_Extracted material_.
▬▬▬▬▬▬▬▬▬▬

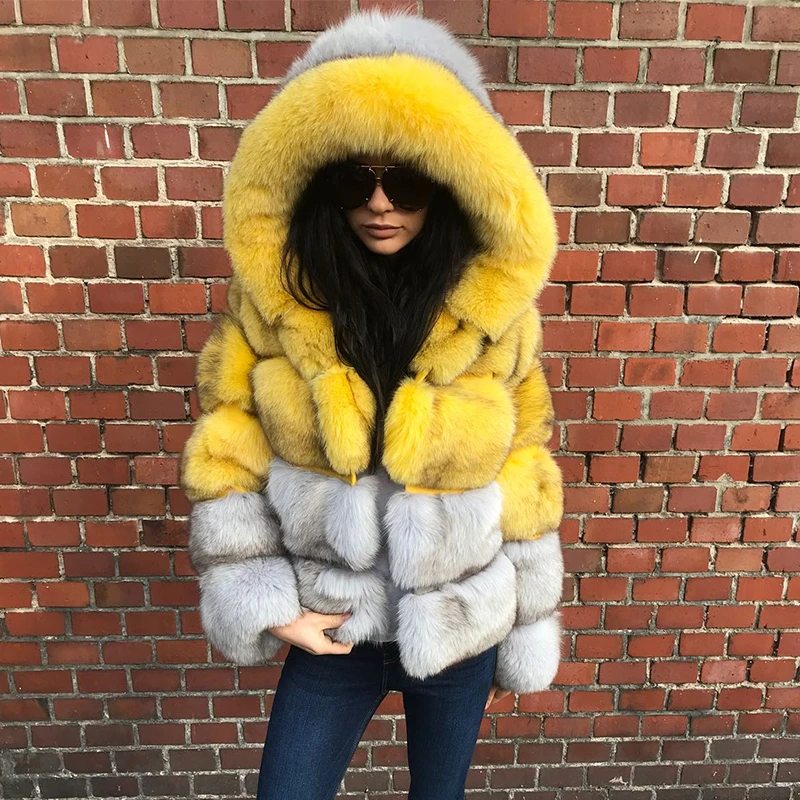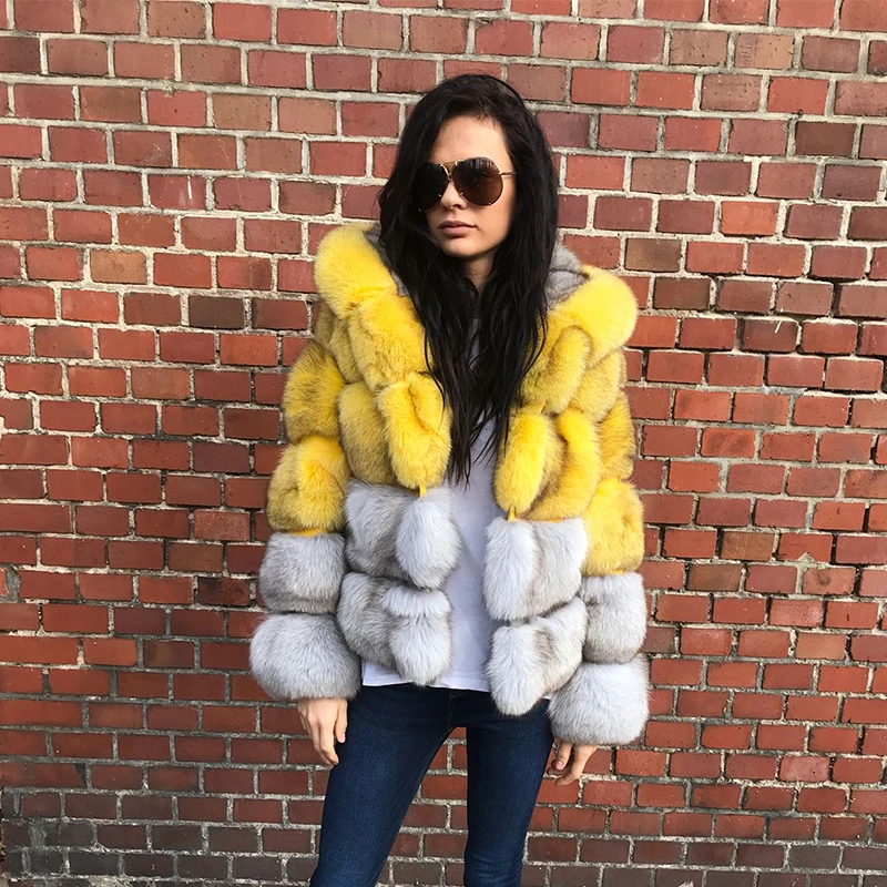 Модная Лоскутная искусственная с капюшоном, натуральная куртка из натурального синего лисьего меха для женщин, зимняя верхняя одежда, шубы
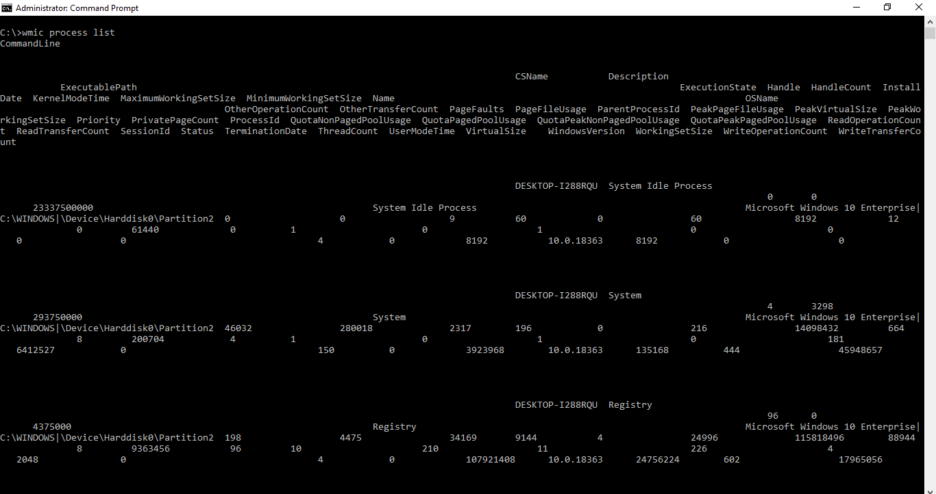 使用 wmic process list 命令可以查看当前正在运行的进程列表。
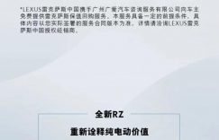 [本站 资讯] 日前,雷克萨斯公布了旗下RZ车型的相关保价政策,可以看到,凭雷克萨斯RZ…
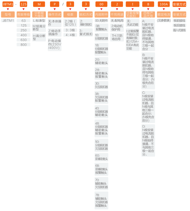JBTM1-125分為:16A、20A、25A、32A、40A、50A、63A、80A、100A、125A;
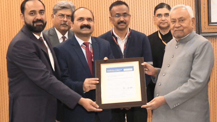 पटना: मुख्यमंत्री नीतीश कुमार को मंगलवार को 1 अणे मार्ग स्थित ‘संकल्प’ में इंडियन रजिस्टर क्वालिटी सिस्टम्स के प्रतिनिधियों ने अंतर्राष्ट्रीय गुणवत्ता मानक ISO 9001:2015 प्रमाणन का प्रमाण-पत्र भेंट किया. यह प्रमाणन बिहार सरकार के सामान्य प्रशासन विभाग द्वारा किए गए विभागीय सुधारों और नवाचारों के लिए प्रदान किया गया है. मुख्यमंत्री वर्ष 2005 से सामान्य प्रशासन विभाग के विभागाध्यक्ष हैं.
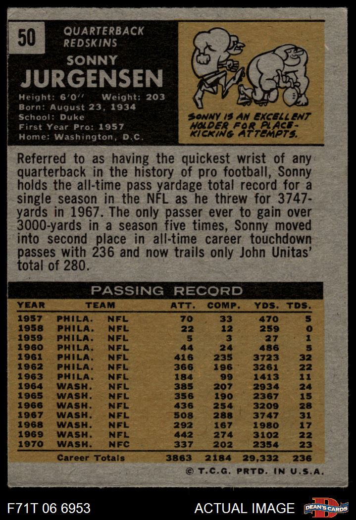 1971 Topps #50 Sonny Jurgensen 3 - VG
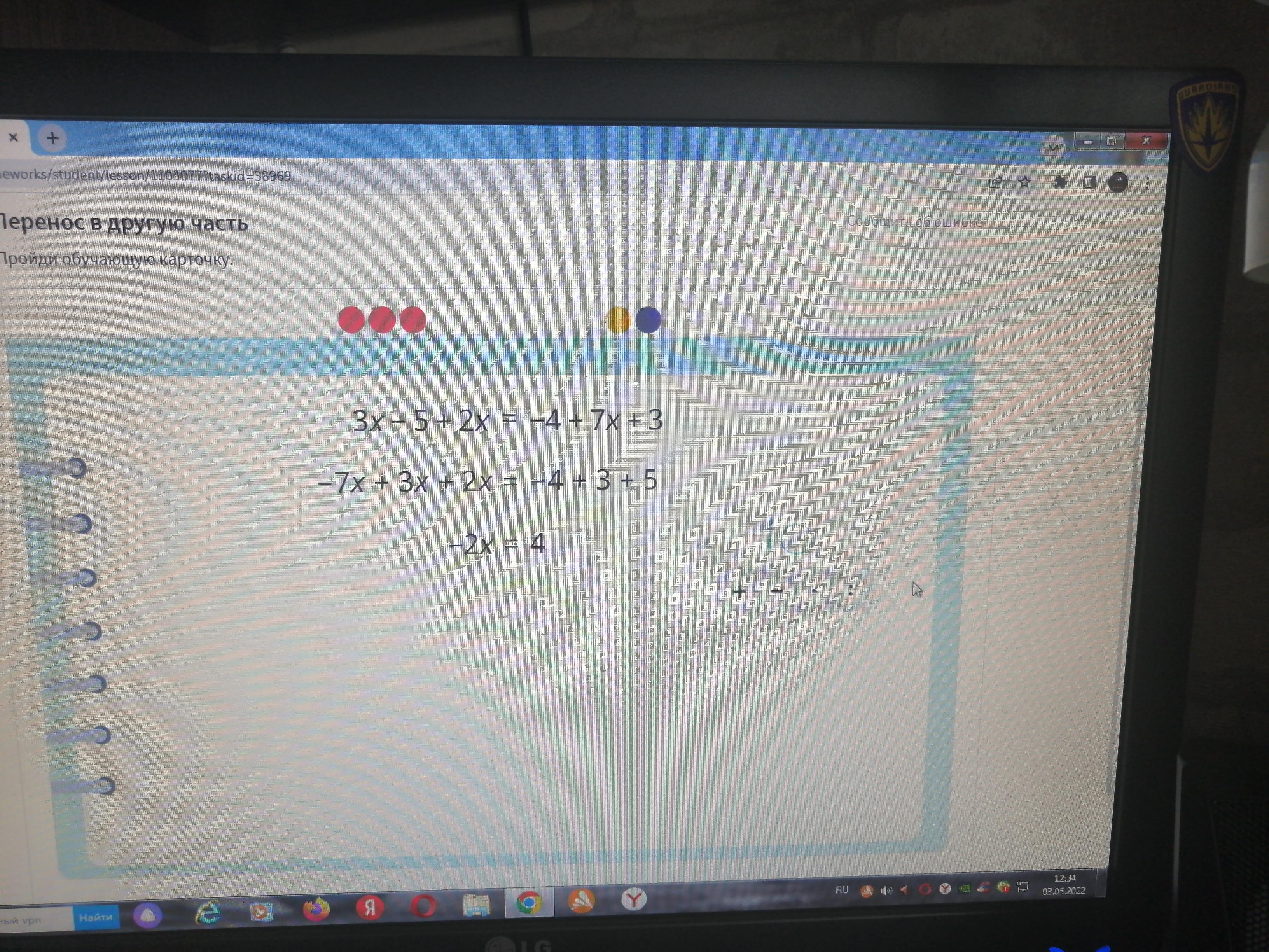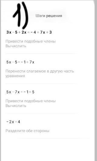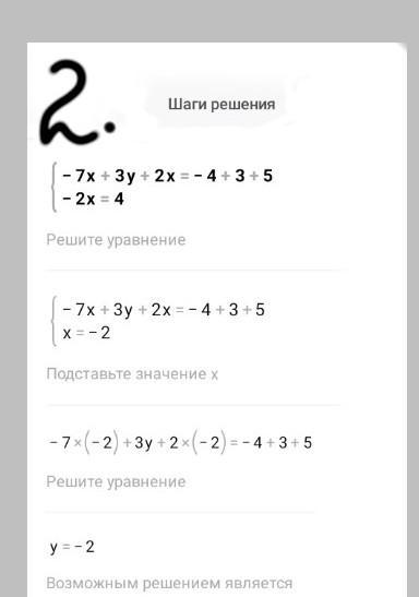 -7x+3y + 2x=-4+3+5 -2x = 4 Решите уравнение

▬▬▬▬▬▬▬▬▬▬

_What to do_. Please make an exact copy of the records, leaving out any picture.

_Completed task_.
 Модная Лоскутная искусственная с капюшоном, натуральная куртка из натурального синего лисьего меха для женщин, зимняя верхняя одежда, шубы
 使用 wmic process list 命令可以查看当前正在运行的进程列表。
 [本站 资讯] 日前,雷克萨斯公布了旗下RZ车型的相关保价政策,可以看到,凭雷克萨斯RZ…
JBTM1-125分為:16A、20A、25A、32A、40A、50A、63A、80A、100A、125A;
 पटना: मुख्यमंत्री नीतीश कुमार को मंगलवार को 1 अणे मार्ग स्थित ‘संकल्प’ में इंडियन रजिस्टर क्वालिटी सिस्टम्स के प्रतिनिधियों ने अंतर्राष्ट्रीय गुणवत्ता मानक ISO 9001:2015 प्रमाणन का प्रमाण-पत्र भेंट किया. यह प्रमाणन बिहार सरकार के सामान्य प्रशासन विभाग द्वारा किए गए विभागीय सुधारों और नवाचारों के लिए प्रदान किया गया है. मुख्यमंत्री वर्ष 2005 से सामान्य प्रशासन विभाग के विभागाध्यक्ष हैं.
 1971 Topps #50 Sonny Jurgensen 3 - VG
 -7x+3y + 2x=-4+3+5 -2x = 4 Решите уравнение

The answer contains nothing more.